AI’s impact on open source and Ghostty

  • After leaving HashiCorp, Mitchell built Ghostty—a modern, opinionated terminal emulator using Zig and GPU rendering—to relearn systems programming and explore new tech like GPUs.
    • Ghostty is architecturally split into UI, IO, and renderer threads; its performance focus reduced frame processing to ~9 microseconds.
    • He extracted libghosty, a minimal, embeddable terminal library, to fix widespread broken terminal implementations in tools like Docker and Heroku.
  • AI has flooded open source with low-effort, plausible-looking but incorrect contributions.
    • Ghostty initially required AI disclosure, then banned AI PRs without accepted feature requests, and is now moving to a vouching system inspired by Lobsters and the PI project.
      • New contributors must be vouched for by trusted community members; bad actors can be denounced, blocking them and their inviter’s tree.
    • He believes open source must shift from “default trust” to “default deny,” emphasizing reputation and human accountability.

How Mitchell uses AI daily

  • He always has at least one agent running—coding, researching, or analyzing—while he focuses on higher-level thinking.
    • Agents run in separate tabs; he disables all notifications and controls when to check in.
    • Example: While driving to this podcast, he had an agent map out libraries with specific licenses and properties.
  • He delegates non-thinking tasks (boilerplate, research, edge-case analysis) to agents but reviews all code going into Ghostty.
  • His advice for engineers new to AI: reproduce your existing work with an agent—either coding or research—to learn its strengths and limits through deliberate practice.

Broader shifts in software engineering

  • Git and monorepos are under strain from AI-generated code volume: merge queues grow unmanageable, context becomes harder to find, and branching workflows don’t preserve failed experiments.
  • CI/CD and testing must evolve: agents need expansive test harnesses to validate behavior and avoid breaking unrelated features.
  • Observability and sandboxing face new scale pressures from ephemeral agent environments.
  • Hiring: The best engineers often have quiet, private backgrounds—no social media, no side projects—but are deeply focused during work hours.
    • He values candidates who use AI tools strategically, especially for rapid prototyping and research.

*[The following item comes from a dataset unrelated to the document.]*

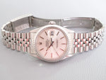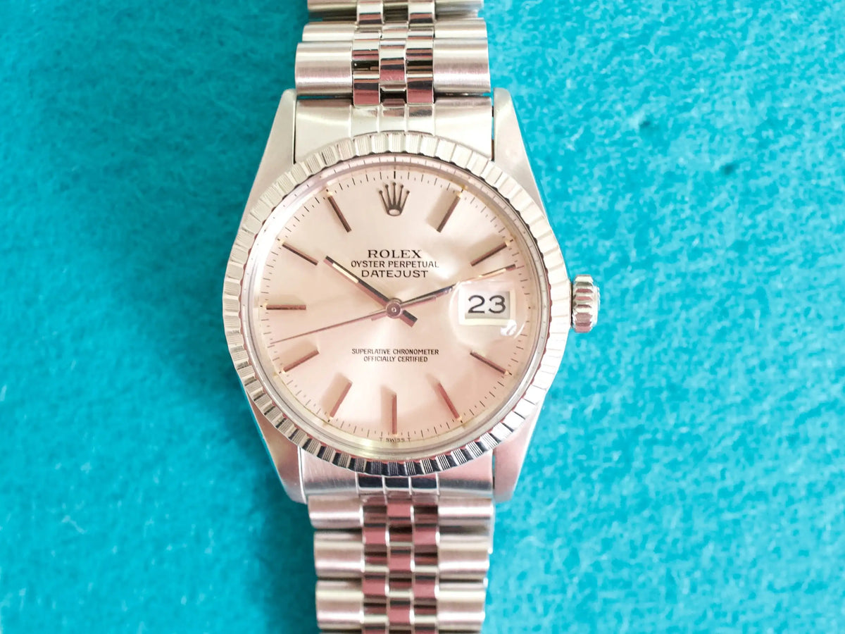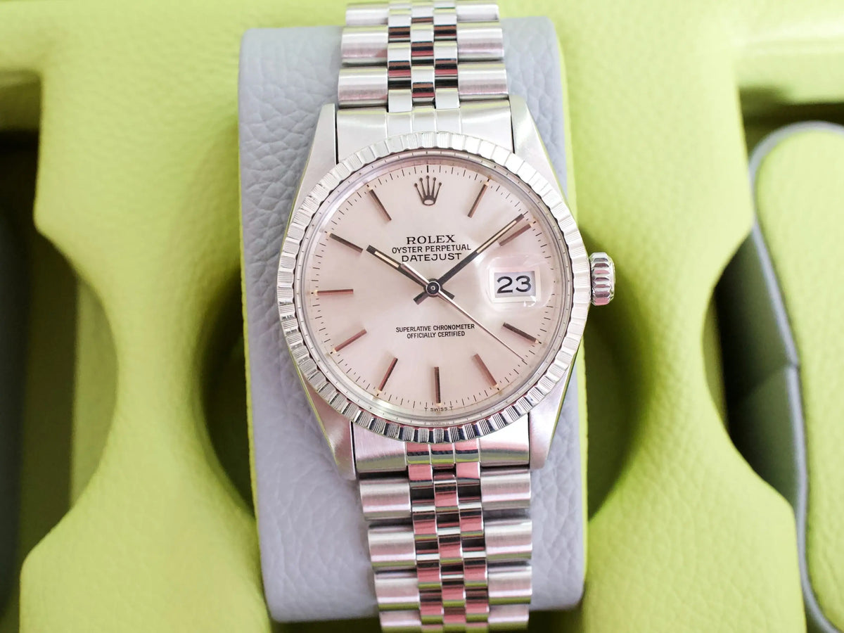 This is an authentic Rolex Datejust 16030, a timeless 36MM classic distinguished by its engine-turned bezel, clean dial design, and the iconic Jubilee bracelet. Produced in 1984, this reference represents the enduring charm, precision, and reliability that define vintage Rolex Datejust models.
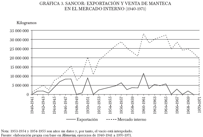 La producción de manteca y caseína creció de manera relevante durante el periodo considerado. Se colocaban en el mercado interno y externo. No obstante, en el caso de la caseína la importancia relativa del mercado externo fue siempre mayor. La venta de manteca se incrementó de 1 016 651 kg en el balance 1940-1941 a 17 050 985 kg en el balance 19701971; en la segunda mitad de la década de 1950 y en el primer quinquenio de la década de 1960 las ventas oscilaban entre 30 000 000 y 23 000 000 de kilogramos anuales. A mediados de la década de 1960 la producción de manteca alcanzó un techo y luego comenzó a disminuir.

Advice for aspiring founders

  • Startups take longer than you think—plan for 10 years, not 5.
  • You need enough hubris to believe you’ll do it better than anyone, but not so much that you ignore market signals.
  • Most common questions: whether to open source, go remote, or target enterprise—all depend on context.
  • AI startups face extreme pressure to move fast, but productionizing still requires rigor.

Personal insights

  • He recharges through quiet solo time—walking near the beach, thinking through problems in the dark before sleep.
  • Reads mostly fiction; recommends The Invisible Life of Addie LaRue for its exploration of immortality and human connection.
  • Believes the key to staying competitive is thinking more about the problem than others—not working longer hours, but never fully switching off.